I have two Kotlin data classes, Song
and Thumbnail
, and I am facing a lot of nesting that I want to avoid. Here are the class definitions:
data class Song(
val title: String,
val year: Int,
val watchId: String,
val thumbnails: List<Thumbnail>
)
data class Thumbnail(
val url: String,
val width: Int,
val height: Int
)
I also have JSON data that I need to parse:
{
"search": {
"result": [
{
"title": "Only Time",
"year": 2000,
"watchId": "ifgihvidvcs",
"thumbnails": [{"width": 60, "height": 60, "url": "url"}]
}
],
// some data I don't need now here
}
// and here
}
I've read the Kotlin Serialization Guide, but the only way I see to handle this nesting is to write surrogate classes and use their descriptors.
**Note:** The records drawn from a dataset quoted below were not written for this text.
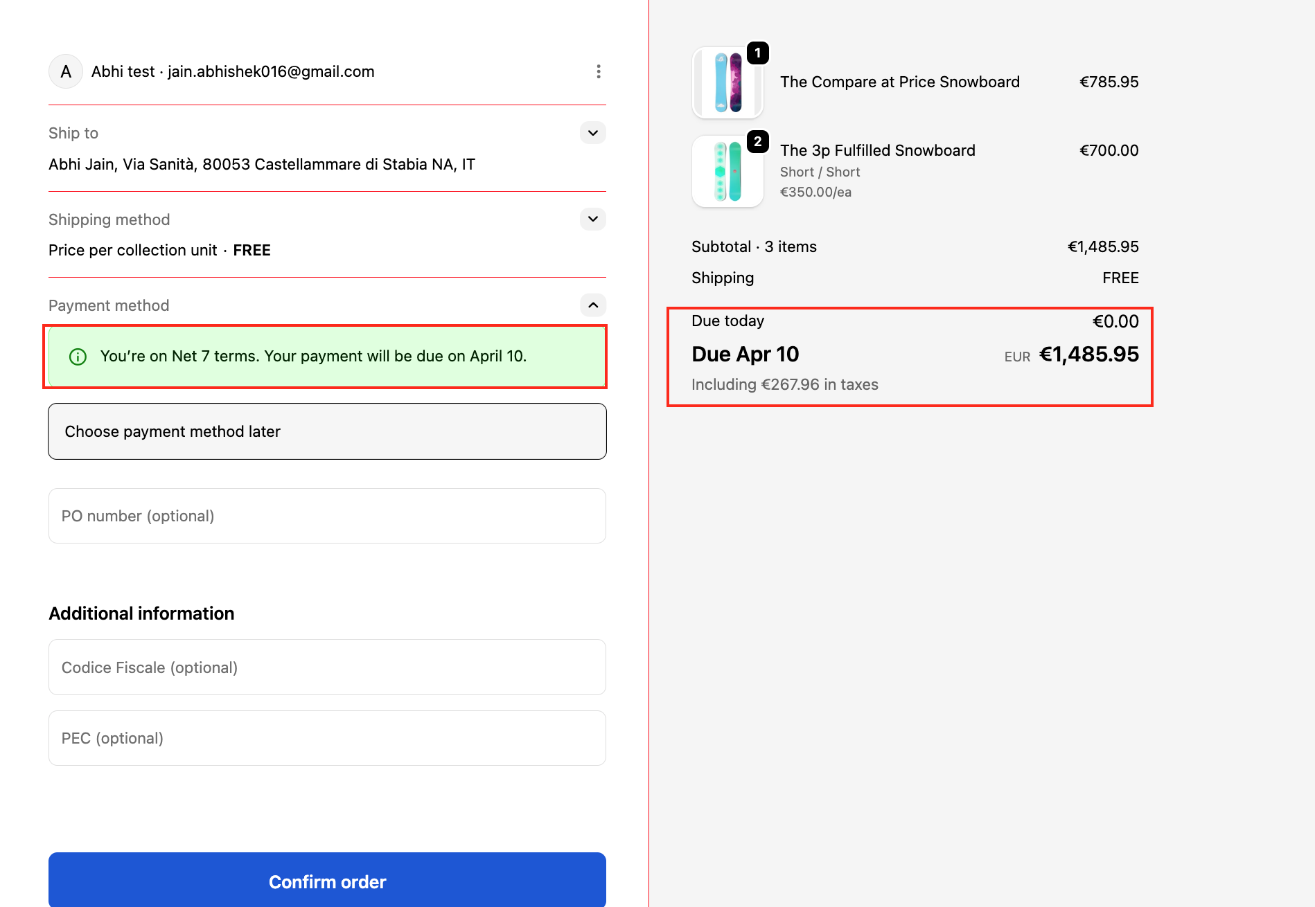 Now, test the rule on the storefront to verify that the payment terms are applied correctly.
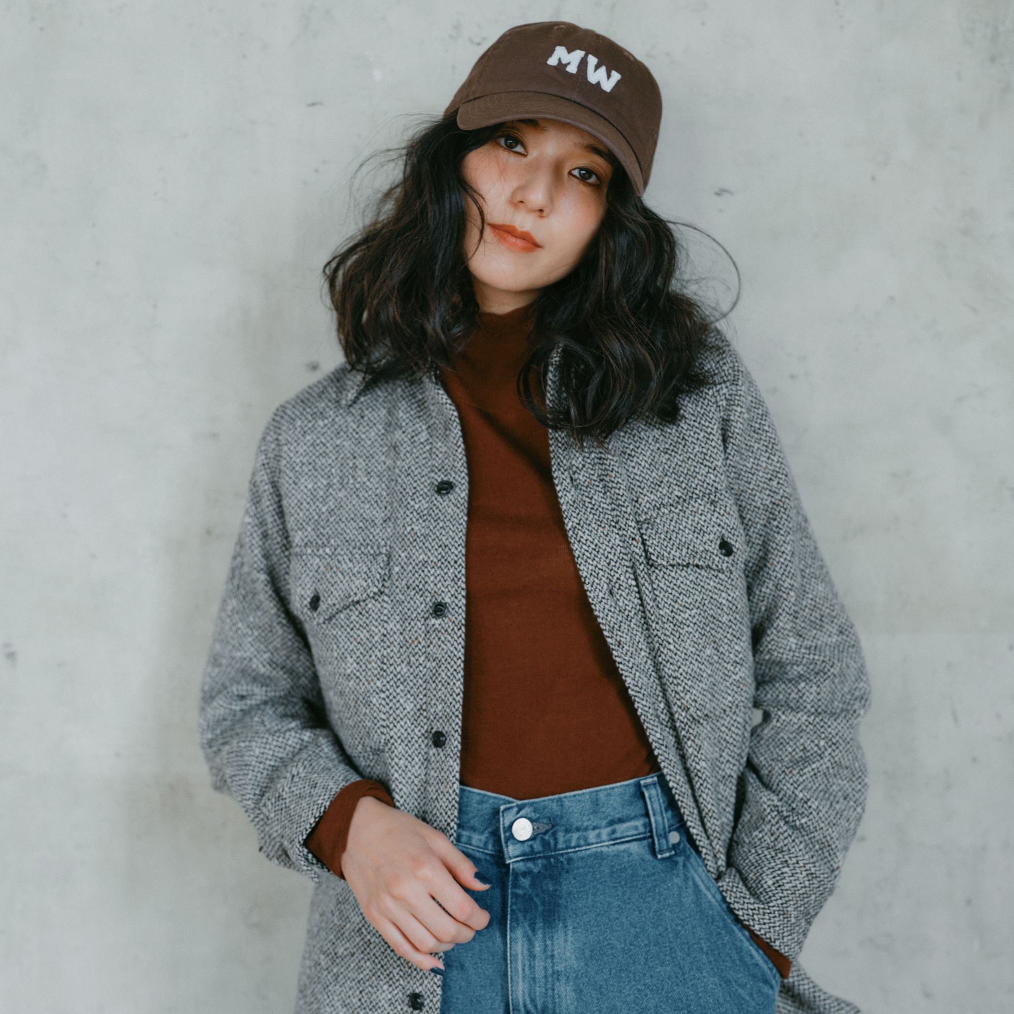 未防縮のウール糸を使用しており、完成品を縮絨する際に洗いの時間を長くする事で糸が絡み合いフェルト化させています。その行程により通常の編地より厚みがでてフェルト生地の様な風合いになります。ただ極端に厚みがでない様に元の編地であらかじめ調整しており、色々な商品との組み合わせが出来る様な設定にしています。ボディのデザインは身幅、肩幅を広く設定し抜け感のある仕様です。
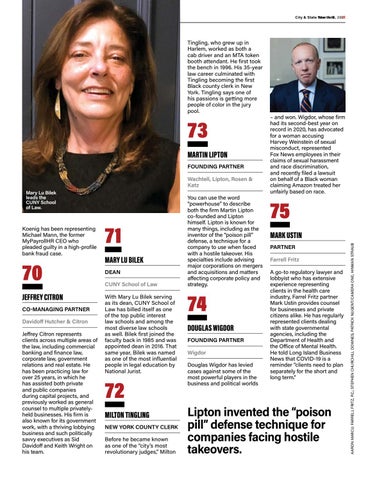 73 MARTIN LIPTON FOUNDING PARTNER Wachtell, Lipton, Rosen & Katz Mary Lu Bilek leads the CUNY School of Law.
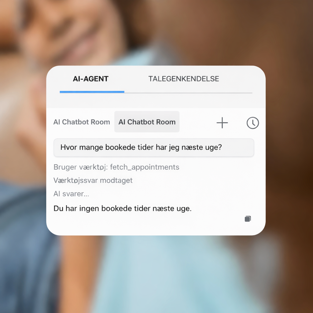 Muntras Agentic AI er en direkte integreret AI-assistent i journalsystemet, som lader dig stille spørgsmål og arbejde med patientjournal, tidsbog og behandlinger i samme sammenhæng. I stedet for at lede i forskellige visninger kan du bruge AI’en til hurtigt at få overblik, finde den rette information og arbejde mere effektivt i hverdagen. AI’en kan for eksempel koble patient og chat sammen, så den rette kontekst altid følger med i dialogen.

Is there a way I can write a composite descriptor without writing surrogate classes?
Two ways: you can either first deserialize to a JsonObject, and then deserialize the result array accordingly again. Another method might be to use a transforming serializer (https://kotlinlang.org/api/kotlinx.serialization/kotlinx-serialization-json/kotlinx.serialization.json/-json-transforming-serializer/). That way, you can make sure the useless data is "unwrapped" (just like in the example in the documentation) before the content is deserialized. If this does not give the desired result, you can always just write your own serializer.